=== REQUIREMENT ===
Copy the data exactly; pictures stay out of the copy.
BEGIN MATERIAL PROVIDED
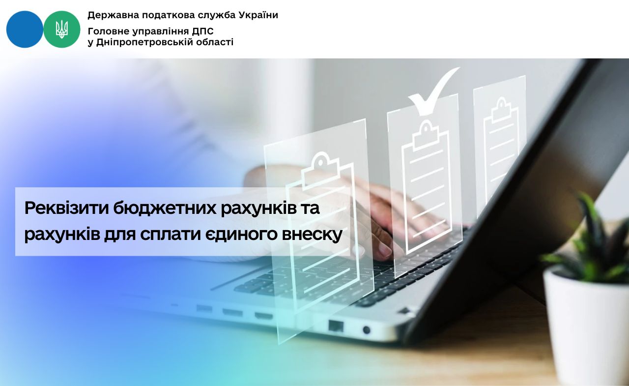 Реквізити бюджетних рахунків та рахунків для сплати єдиного внеску
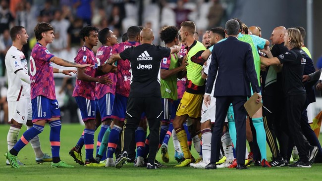 Sebuah drama tersaji di penghujung laga Juventus vs Salernitana. Ada empat kartu merah yang dikeluarkan wasit Matteo Marcenaro.
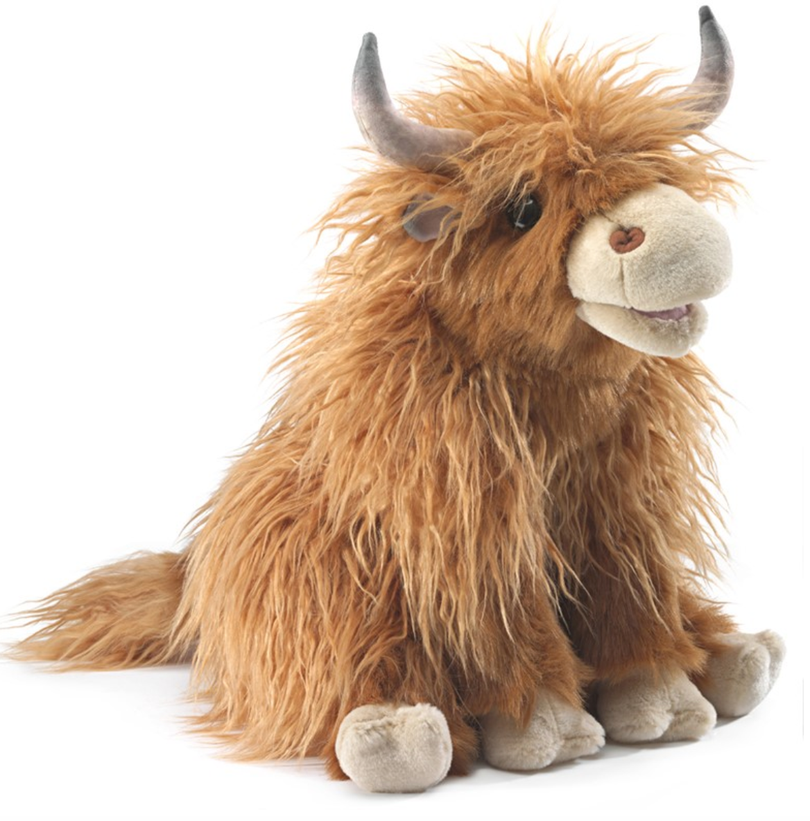 A "moo"vable mouth gives life to the extraordinary Folkmanis® Highland Cow puppet. Known for having a gentle demeanor, this rustic cattle breed features distinctive long horns and a ginger colored, wavy, wooly coat to warm your heart.
END MATERIAL PROVIDED
=== ANSWER SECTION ===
 Реквізити бюджетних рахунків та рахунків для сплати єдиного внеску
 Sebuah drama tersaji di penghujung laga Juventus vs Salernitana. Ada empat kartu merah yang dikeluarkan wasit Matteo Marcenaro.
 A "moo"vable mouth gives life to the extraordinary Folkmanis® Highland Cow puppet. Known for having a gentle demeanor, this rustic cattle breed features distinctive long horns and a ginger colored, wavy, wooly coat to warm your heart.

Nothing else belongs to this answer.